A Mr C. Potts has just filled in the survey, his email address is: ohlook@anticyclistsurvey.com


----------



## rikki (13 Dec 2017)

Done.


----------



## Drago (13 Dec 2017)

A Miss Tess Tickle of Pensitone has also just completed the survey.


----------



## mjr (13 Dec 2017)

User said:


> Next up Sister Ophelia Balls.


From Scunthorpe?


----------



## Tim Hall (13 Dec 2017)

mjr said:


> From Scunthorpe?


Clitheroe I think.


----------



## Drago (13 Dec 2017)

Mr S. Eamon from Staines has just filled it in.


----------



## Drago (13 Dec 2017)

Aye, many moons ago I saw an LPG Lead Wing in Germany.


----------



## mjr (20 Dec 2017)

Those of you registering with other peoples' email addressed will have missed Fail Fuel's heartwarming Christmas message, urging you to buy more mugs from their shop, recruit more mugs for their mailing list and linking to this video threat:

View: https://www.youtube.com/watch?v=pm0TvG6sbOw


----------



## mjr (20 Dec 2017)

Do you think the nightmarish background image to their threats video is their vision of an ideal polluted Britain?


----------



## Spinney (20 Dec 2017)

They're trying to pretend that the 7 year freeze on increases in fuel duty is down to their campaigning.

"Toxic tax"


----------



## glasgowcyclist (20 Dec 2017)

Nice alliteration at 1m15s though...


----------



## Drago (20 Dec 2017)

Baseless attacks on diesel drivers?

Fair pollution for all!!!


----------



## snorri (20 Dec 2017)

Spinney said:


> They're trying to pretend that the 7 year freeze on increases in fuel duty is down to their campaigning.

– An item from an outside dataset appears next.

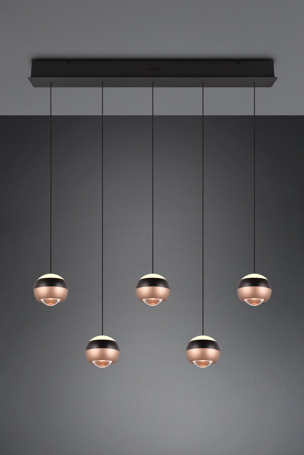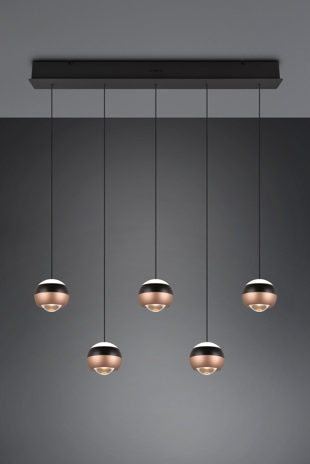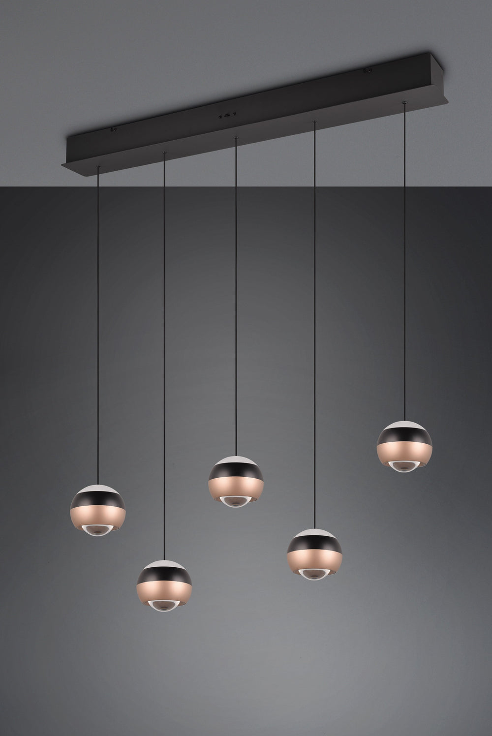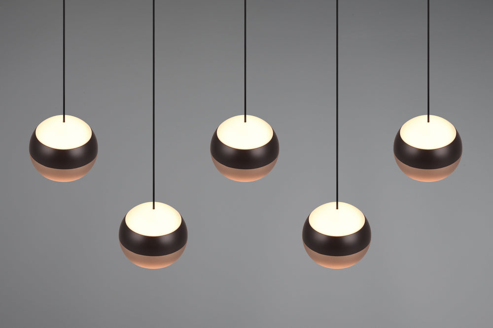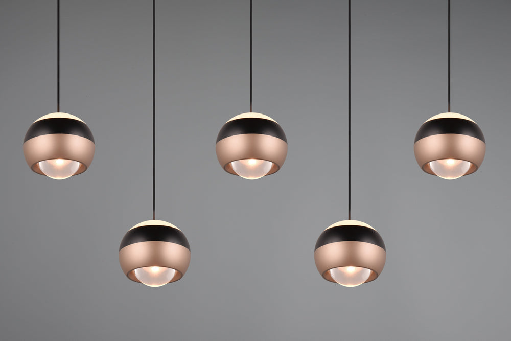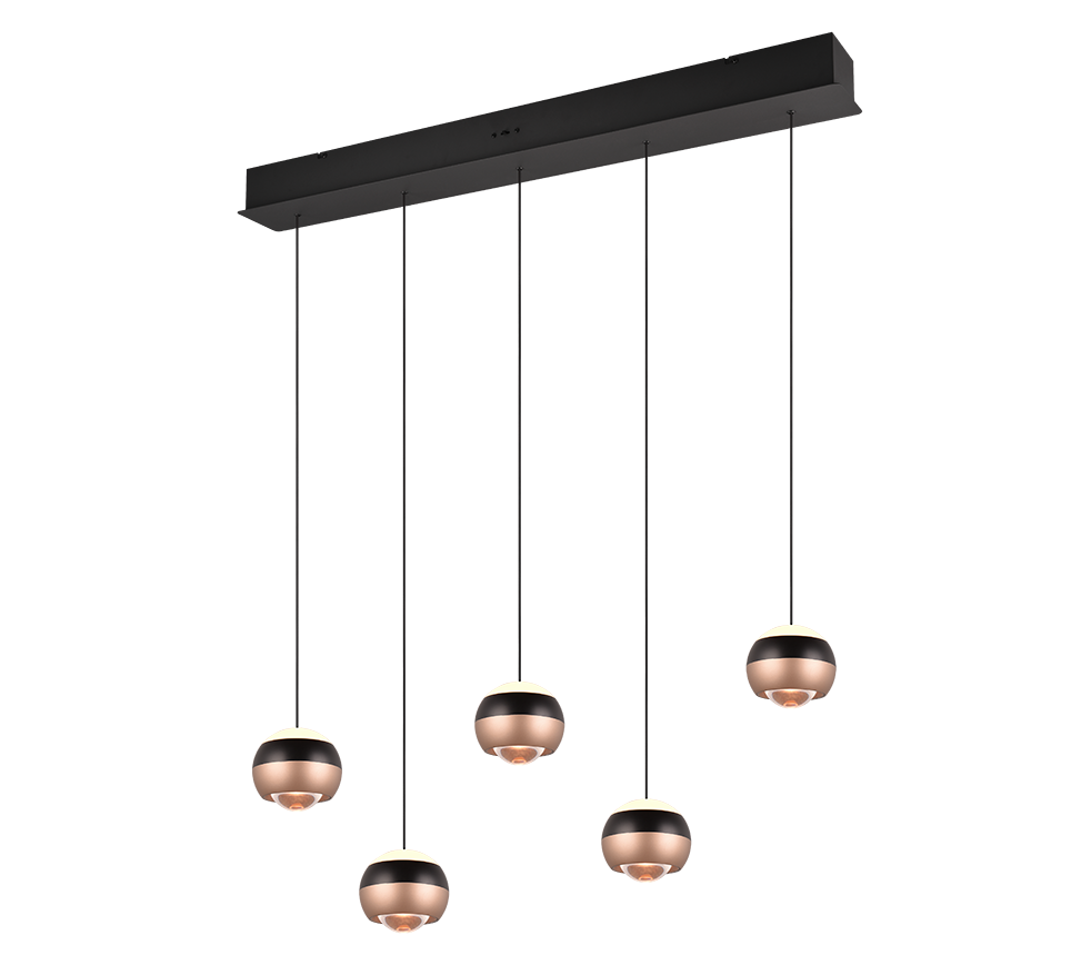 Descubre la iluminación inteligente con la lámpara colgante Trio Orbit de 5 luces en negro mate, una luminaria que se adapta a tu vida y transforma cada espacio según tus necesidades con elegancia contemporánea.

I think they are also trying to pretend that everyone who responded to their silly poll is a supporter of their aims.


----------



## Tin Pot (20 Dec 2017)

mjr said:


> Those of you registering with other peoples' email addressed will have missed Fail Fuel's heartwarming Christmas message, urging you to buy more mugs from their shop, recruit more mugs for their mailing list and linking to this video threat:
> 
> View: https://www.youtube.com/watch?v=pm0TvG6sbOw




God it’s awful news, and they picked music to emphasise how awful it is.


----------



## snorri (30 Dec 2017)

It's good to see the fairfuel group coming in for criticism from Road Danger Reduction Forum (RDRF) following publication of the results of the survey. Strikes me the cyclists who filled in the poll expressing opposite views to that required by FairFuel may have skewed the results to be a little less horrifying than they would otherwise have been! http://road.cc/content/news/234582-...rried-out-fuel-price-campaign-group-finds-all


Pasted from CHAIRRRDF on Twitter
1. This kind of bigotry obviously feeds into the already excessively bad driving of the unjustifiably entitled motorist http://road.cc/content/news/234582-daily-mail-survey-cyclists-carried-out-fuel-price-campaign-group-finds-all … . Need to point out that (a) testing doesn't bring drivers up to level of non-violence of cyclists, (b) driver taxation does not cover external costs of motoring, (c) helmet usage does not reduce casualty rates, (d) hi-viz doesn't either, and is an excuse for drivers not watching out, as well as (e) offences already exist for cyclists. The "road safety" industry like @roadsafety @Road_Safety_GB @PACTS 
@LRSC_tweets @Brakecharity should be fighting this prejudice and bigotry, but doesn't because it's part of the problem. + "driving instructors" , "safety engineers" etc., etc.


----------



## phantasmagoriana (8 Aug 2018)

They've got another survey out...

https://www.surveygizmo.com/s3/4504786/FairFuelUK-Road-User-Survey-2018


----------



## Drago (8 Aug 2018)

Filled it in, moaning about the lack of focus on cycling at every opportunity.


----------



## FishFright (8 Aug 2018)

Drago said:


> Filled it in, moaning about the lack of focus on cycling at every opportunity.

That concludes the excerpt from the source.